Even when I'm not dealing with a hip re-replacement, I am still the Commander-In-Chief of AwkwardLand. I mean, if someone's going to accidentally light their hair on fire or fall and headbutt someone while trying to give them a hug, it's going to be me. When you add crutches, 16-hour work days, sleep deprivation, alcohol, a diet composed nearly entirely of coffee and the world's largest ass cushion into the equation, I basically become the Ultimate Grand Supreme Champion of Awkwardness and General Ridiculousity.

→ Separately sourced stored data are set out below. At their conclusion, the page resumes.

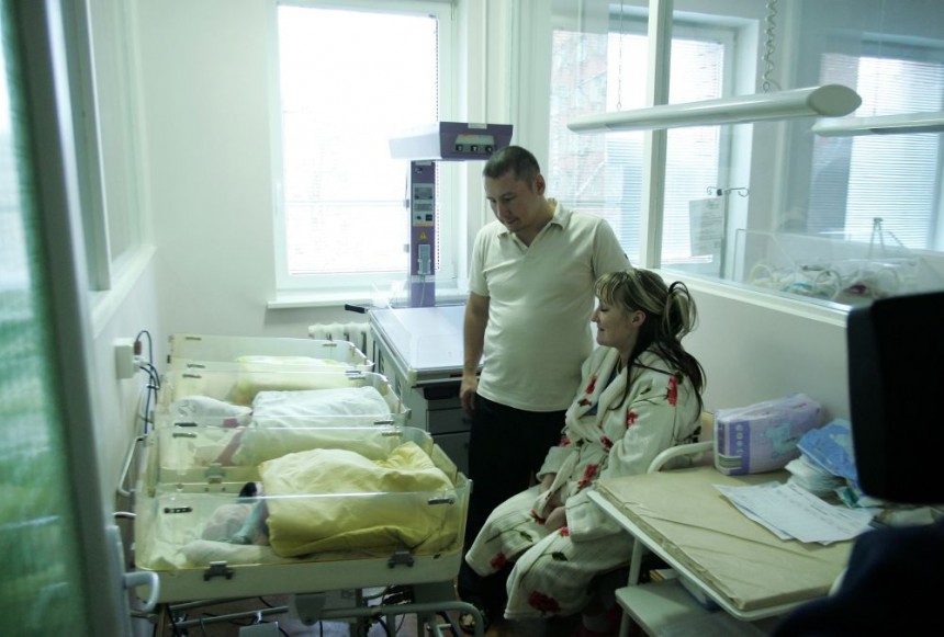 "Protams, par sievu uztraucos! Mēs ar viņu esam ģimene, mēs viens otram jau bijām, pirms radās bērni. Tāpēc man viņa bija vissvarīgākā, uztraucos, vai dzemdībās viss būs labi," 3. novembra izjūtas atceras jaunais tētis. Sergejs sirsnīgi aicina pie palātas galdiņa un rāda papīra lapu, uz kuras akurāti uzrakstījis pateicību Dzemdību nama operāciju nodaļas un bērnu intensīvās terapijas 2. bērnu nodaļas personālam, dakterēm Nikolajevai un Eihenbergai, kā arī Valērijai Godunovai. Dina pēkšņi iejautājas, kā viņa izskatās, jo šo dienu laikā par spoguli piemirsusi. Viņa smaida vien un nenoliedz – esot laimīga, ka tāds vīrietis blakus. "Tēvs viņš būs ļoti labs, grib pats iemācīties barot bērniņus, nomainīt pamperus, parūpēties par viņiem," atzinīgi vērtē Dina.
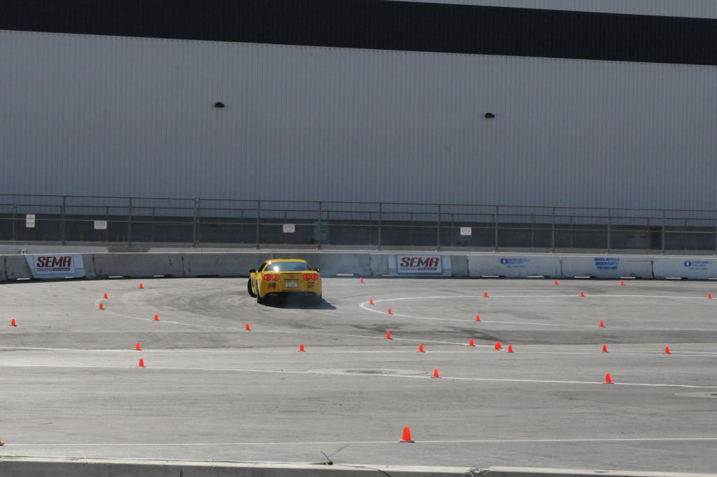 Description: Bob Bondurant instructors take SEMA participants around SEMA MotorTrend Proving Ground in C6 Corvettes Photos from SEMA Convention 2009
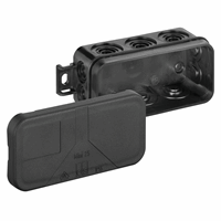 Montagewijze: wand-/plafondmontage, Kleur: zwart, Breedte: 89.0mm, Halogeenvrij, Diepte: 43.0mm, Vorm: rechthoekig, Oppervlaktebescherming: geen (onbehandeld), Uitgerust met: geen, Nom. isolatiespanning ui: 400.0v, Lengte: 37.0mm
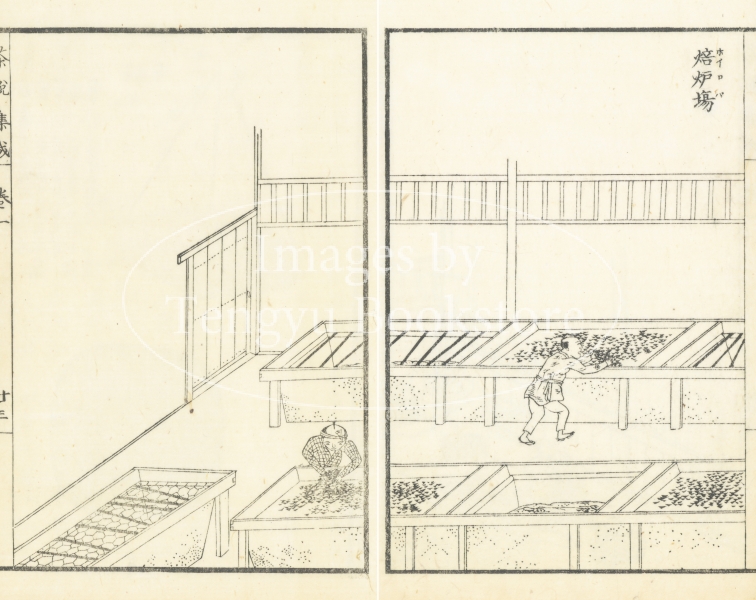 明治初期に刊行されたお茶製造の解説書「茶説集成」からの一枚。茶の木の栽培から製茶の方法まで、お茶に関する当時の知識がまとめられた農書です。
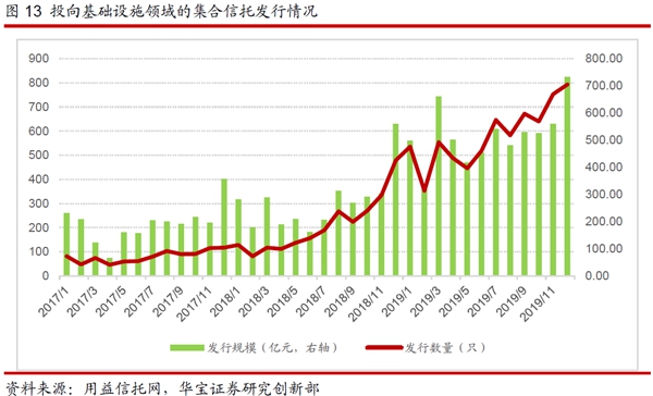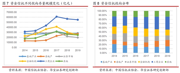 2019年末,投向基礎(chǔ)產(chǎn)業(yè)的信托規(guī)模為2.82萬(wàn)億,較2018年末增加565億元,規(guī)模占比為15.72%,上升1.13個(gè)百分點(diǎn)。去年四季度《國(guó)務(wù)院辦公廳關(guān)于保持基礎(chǔ)設(shè)施領(lǐng)域補(bǔ)短板力度的指導(dǎo)意見(jiàn)》出臺(tái),提示地方政府化解隱性債務(wù)風(fēng)險(xiǎn),防范出現(xiàn)系統(tǒng)性金融風(fēng)險(xiǎn),增強(qiáng)了金融機(jī)構(gòu)對(duì)平臺(tái)公司融資的信心,信政合作業(yè)務(wù)迎來(lái)政策“拐點(diǎn)”。隨著中美貿(mào)易摩擦的持久化,面對(duì)國(guó)內(nèi)外風(fēng)險(xiǎn)挑戰(zhàn)明顯增多的復(fù)雜局面,作為國(guó)家逆周期調(diào)節(jié)的重要手段,2019年政策一直推進(jìn)基建投資的回升,基礎(chǔ)產(chǎn)業(yè)融資需求有所回升。
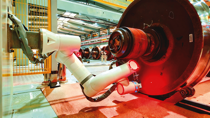 转向架检修流水线旁,枕簧检测机器人正按车型自动调整参数,机器手3秒内就完成了单根枕簧的尺寸扫描,数据实时与标准参数比对。“机器人负责精准扫描和数据比对,我们重点排查隐性隐患。”车辆钳工龚清峰站在检修线旁,仔细检查机器人筛选出的合格枕簧。作为车间里“懂技术、通智能”的青年骨干,他见证了车间的智能化转型,“不同车型的枕簧弹性要求不一样,以前人工选配一组耗时40多分钟,还容易混淆参数。为了跟上智能设备的节奏,我们参加了车间组织的AI操作、参数解读培训,现在机器人18分钟就能搞定初检,我们只聚焦复核把关,既快又准!”
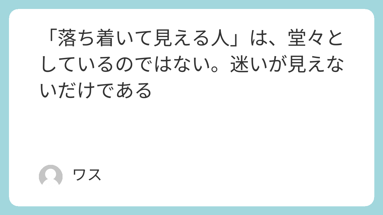落ち着いて見える/見えないは、だいたい迷いが外に漏れているかどうかで決まる。

That was me at the 2010 World Wheelchair Rugby Championships, where I've been for the past few weeks working on the communications team. I've extolled the virtues of wheelchair rugby on this blog before and it's hard to describe the 2010WWRC with any other word but "awesome." Awesome rugby. Awesome people. Awesome event. Oh, and free Starbucks. Sweet, sweet Starbucks.
But while I'm a huge fan of wheelchair rugby, I can't say that my Freaky Cyborg Hip was too terribly impressed. The most painful part of recovery is clearly over, but the hip replacement provided endless opportunities for annoyance. It doesn't help that I have the patience of a sugar-high toddler or that I'd spent the past 6 weeks in bed eating frozen grapes and was not exactly used to being out and about.
The really strange part of having a hip replacement is that there are certain things that you physically could do (bending, twisting, crossing legs, etc), but you're not allowed to do them for fear of dislocation. After a few 16-hour work days and (let's be honest) a beer or two, the list of what you are and are not allowed to do becomes a little fuzzy around the edges and you can barely remember your name, let alone whether your air guitar rendition of "Living on a Prayer" is hip-replacement kosher or where you left your damn ass cushion.
Mostly, however, the problem was less pain and more annoyance. Annoyance at trying to balance crutches, an ass cushion and a tray full of Starbucks. Annoyance at having to call my friend C. to come pull my car out of the parking lot after some douche-kabob in an SUV parked so close to me that I couldn't open my door enough to get my left leg in. Annoyance at having to cruise the parking lot for a corner spot to prevent people from parking too close, being unable to find one, and having to park in the wheelchair parking and endure major side-eye from quadriplegics (and rightfully so). Annoyance at every well-intentioned volunteer or passerby or hotel staff who used the phrase "Gosh, you're really good on those there crutches! Bet you could beat me in a race!" or "What did you do to yourself? Sprain your ankle?" Annoyance at having to install a raised toilet seat in our hotel room, thereby turning the bathroom into a death trap for my poor roommate Shelley. Annoyance at trying to "dance" (translation: "moving my knee roughly in time to the music while waving my hands as if trying to put out a fire") on crutches.
That said, I think the trial-by-fire of the 2010WWRC ended up being good for the hip. Every day, the swelling actually reduced and the pain got less. It's also hard to remember you're in pain when you're having such a good time and when you have awesome friends who fly all the way from Illinois to party at the 2010WWRC and who generally rock your world. Besides, am I really going to complain about a semi-detached ass in a room full of quadriplegics?